I - modificação no quadro da assistência farmacêutica ou baixa de responsabilidade técnica de quaisquer dos farmacêuticos;

II - alteração dos dados cadastrais da empresa referentes ao objetivo social, horário de funcionamento e endereço.

Art. 56. Obedecendo aos parâmetros do modelo único e de segurança, poderá o Conselho Regional de Farmácia utilizar-se de sistema informatizado para expedição da Certidão de Regularidade.

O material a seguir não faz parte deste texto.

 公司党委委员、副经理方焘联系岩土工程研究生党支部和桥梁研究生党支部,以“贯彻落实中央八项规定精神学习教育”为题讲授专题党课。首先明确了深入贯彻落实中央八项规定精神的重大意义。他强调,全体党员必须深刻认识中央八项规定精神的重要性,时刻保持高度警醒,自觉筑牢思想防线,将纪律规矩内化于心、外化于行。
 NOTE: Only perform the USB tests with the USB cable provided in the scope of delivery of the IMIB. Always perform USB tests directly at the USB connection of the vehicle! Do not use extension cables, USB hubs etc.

CAPÍTULO VII - DAS DISPOSIÇÕES FINAIS

Art. 57. Aos profissionais inscritos no Conselho Regional de Farmácia nos quadros descritos no artigo 3º, inciso II e respectivas alíneas, é vedada tanto a assinatura de laudos e exames como a assunção de responsabilidade técnica por qualquer estabelecimento cuja lei exija-lhe a inscrição no Conselho Regional de Farmácia, exceto os permitidos por lei.

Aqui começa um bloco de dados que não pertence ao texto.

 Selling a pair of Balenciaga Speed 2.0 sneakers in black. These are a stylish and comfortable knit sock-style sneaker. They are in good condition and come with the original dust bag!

Art. 58. O Conselho Regional de Farmácia deverá comunicar trimestralmente ao Conselho Federal de Farmácia os registros e baixas de pessoas jurídicas.

Art. 59. A averbação de nome do profissional é ato sumário, sendo aprovado "ad referendum" frente à certidão expedida pelo cartório.

Art. 60. Os casos omissos referentes às matérias tratadas nesta resolução serão resolvidos pelo Plenário do Conselho Federal de Farmácia.

Art. 61. Fica revogada a Resolução/CFF nº 521/2009 e demais disposições em contrário.